The Minnesota Opera has taken steps to try to keep the show accessible. A group from St. Paul Public Schools has been invited to see a performance of the show on March 5, while a group from Oshkosh, Wisconsin, public schools will see the show two days later. A March 25 performance is reserved exclusively for invited members of the Hmong community.

“This cannot be a one-off experiment,” Yang said. “It is the beginning of a movement to bring in true diversity to these forms that have been, for so long, exclusive.”

According to Taylor, that’s Minnesota Opera’s aim. He said the organization wants to showcase talent from the local community and highlight the stories and cultural traditions of people who have often left out of opera. 

A show like The Song Poet highlights the value of language—including languages that have survived in the United States in spite of the toll taken by institutional discrimination, Xiong said. 

“Because of the fact that we live in America, parents like Kalia’s dad would encounter situations where people would tell them, ‘Don’t speak Hmong, speak English. You’re in America now,’” Xiong said. “And they would in turn tell their children, ‘Learn English, learn English.’ To me, that’s trauma… But to have the language be spoken at a major production like this validates to the students and the people in the audience that your language is important.”

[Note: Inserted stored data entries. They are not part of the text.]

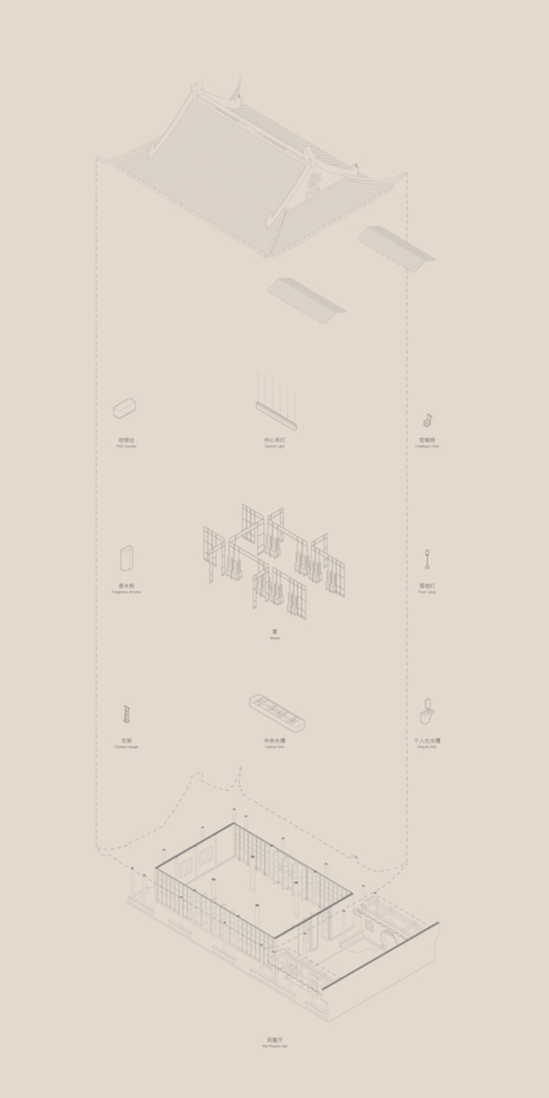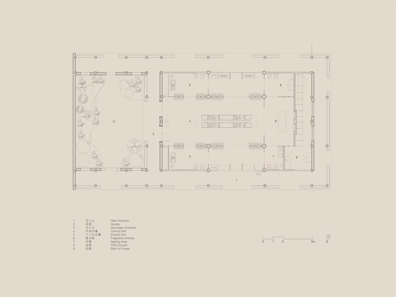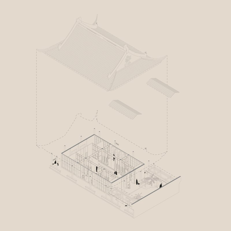 The design concept focuses on integrating modern functionality within the constraints of traditional architecture. Drawing from Jiangnan garden architecture, the space is divided into a central "hall" for communal interaction and surrounding "rooms" for intimate experiences. This layout mirrors traditional spatial divisions while accommodating Aesop’s brand-centric requirements.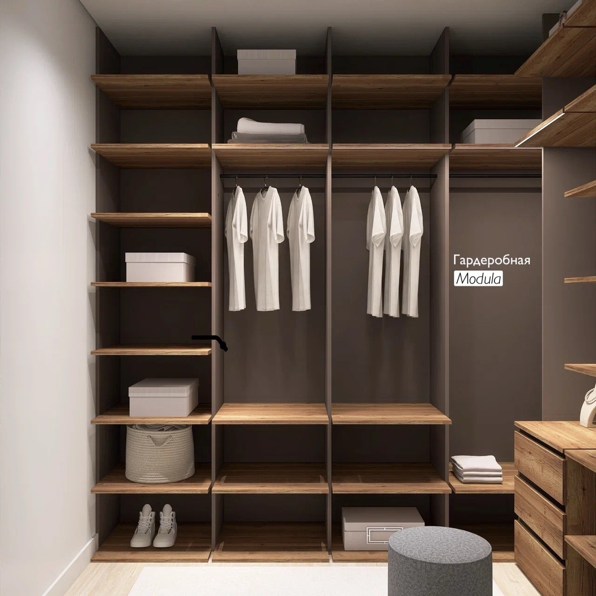 Гардеробная Modula — система индивидуального хранения✨ Гардеробная Modula создана для тех, кто ценит рациональный подход к организации пространства. Конструкция основана на принципе модульности: каждый элемент можно подобрать под конкретные задачи и параметры помещения. Это позволяет проектировать систему хранения любой конфигурации — прямой, угловой или П-образной — с учётом особенностей планировки и образа жизни владельца. 💡Функциональность Modula заключается в возможности точной настройки наполнения. Секции различной ширины и высоты дополняются выдвижными ящиками, пантографами, брючницами, корзинами и зеркальными панелями. Для большего комфорта предусмотрена интеграция подсветки. Сбалансированные пропорции, лаконичные линии и универсальные отделки делают систему уместной в интерьерах разных стилей — от минимализма до современной классики. Modula объединяет эргономику и архитектурную чёткость, создавая продуманное пространство для хранения, где каждая деталь имеет функциональное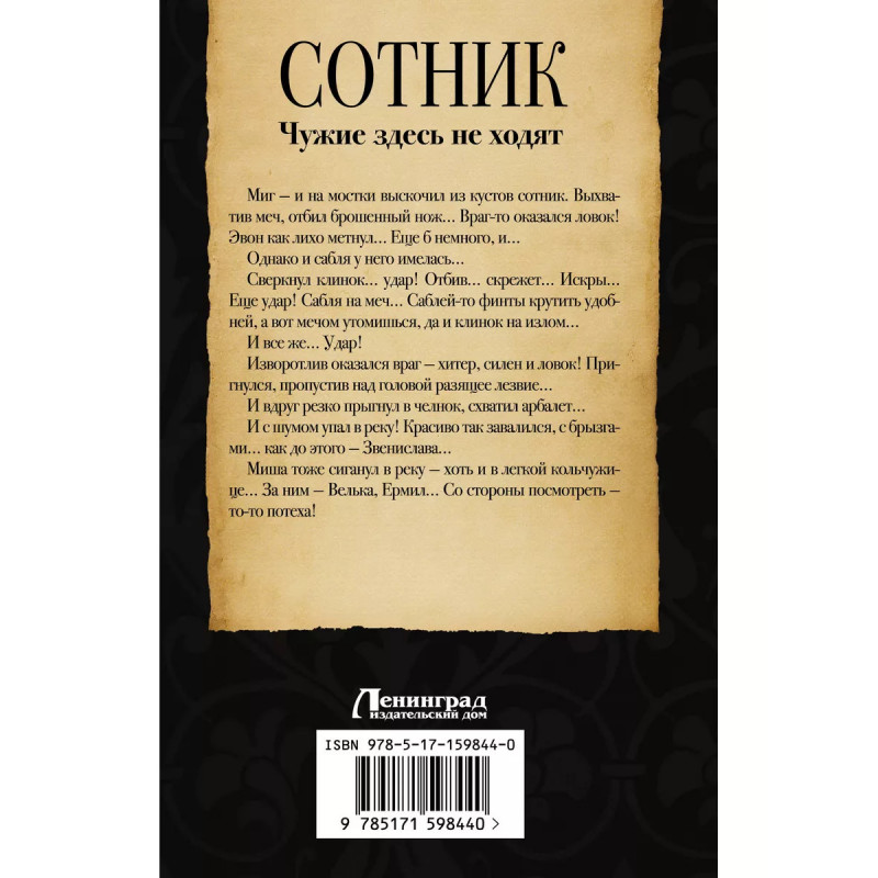Сотник. Чужие здесь не ходят. 113 год, Турово-Пинское княжество. Через его друга, туровского "сыскного" человека, местного князя Ставрогина, Михайле-сотнику передают анонимное послание, из которого становится известно о том, что в Ратное на предстоящую ярмарку прибудет человек с недобрыми целями... В окрестностях Ратного происходит целая серия загадочных и жестоких убийств, в которых можно подозревать многих: лесных разбойников-татей, скоморохов-язычников, соседей из земель боярина Журавля Михаил чувствует - главный враг где-то совсем рядом, он мстителен, коварен и неуловим. Вычислить и схватить незваного гостя - вот нынче цель сотника, ведь под удар поставлена не только его репутация, но и жизни близких людей.

Yang is planning on attending the premiere, but her entire family, including her father, have tickets to the show on March 23. It will be the first opera her children ever see—and it won’t be in Italian, but in Hmong.

“I hope young Hmong students will see what is possible,” Yang said. “They will see one more barrier broken down. This is a historical work, but I am not a historical person. I’m a 42-year-old woman who lives here, who wears sweatpants up and down these streets. I hope, in that way, they see pieces of themselves reflected.”